In this study, we utilized RegGAN to convert CBCT images into pseudo-CT (sCT) images. RegGAN can perform supervised learning with noisy labels, which is similar to actual treatment scenarios in which CBCT images and pCT images are typically not acquired simultaneously. As treatment progresses, the time interval increases, and patients may experience weight loss and tumor volume reduction, resulting in significantly different CBCT and CT images. The RegGAN model accurately converts CBCT images of varying quality into precise sCT images and exhibits good universality across different accelerators. The original CBCT image quality varied among the four accelerators, and because the Synergy accelerator’s CBCT images had higher spatial resolutions than the CT images, the image quality performance index calculated with pCT as the “gold standard” was lower. However, no significant differences were observed between the quality of the generated sCT images and that of the other accelerators (p < 0.05).
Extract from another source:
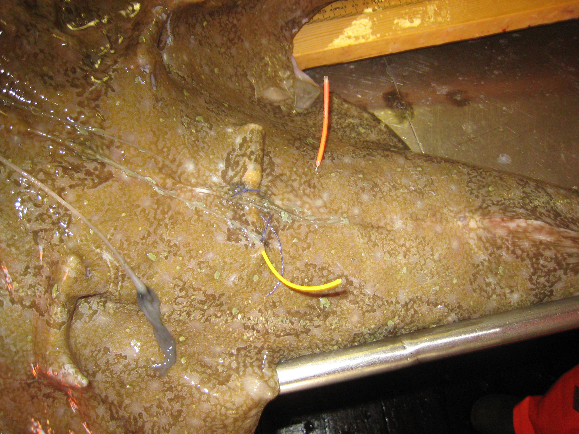 Guli gummitráðurin er fastur í einum goymslumerki, sum er opererað inn í ryggin á havtaskuni, og sæst sum ein sylindari undir skræðuni. Goymslumerkið goymir hita og dýpi, meðan fiskurin svimur.

The main purpose of generating sCT images during CBCT-guided adaptive radiotherapy is to create a treatment plan based on sCT. Therefore, this study also explored the possibility of using sCT images for radiation therapy dose calculations. By using pCT as the “gold standard,“ we evaluated the accuracy of the HU values produced for the generated sCT images and the accuracy of the dose calculations in actual radiation therapy plans. The dose calculation results showed no significant dose variation rate differences among the different accelerators (p < 0.05), indicating that the HU accuracy of the sCT images generated by the RegGAN network was high, and their dose distribution was similar to pCT’s “gold standard.” The differences were within the clinically acceptable range, and the image conversion speed was fast, with the ability to complete the conversion of one patient image in just 15 seconds.

Conclusion

The RegGAN model can generate high-precision sCT images from CBCT images obtained with different accelerators. The model exhibits good generalization across different CBCT imaging models and produces dose calculations that are similar to those of pCT plans, with acceptable errors. Therefore, the RegGAN model can be used in adaptive radiotherapy for head and neck tumors.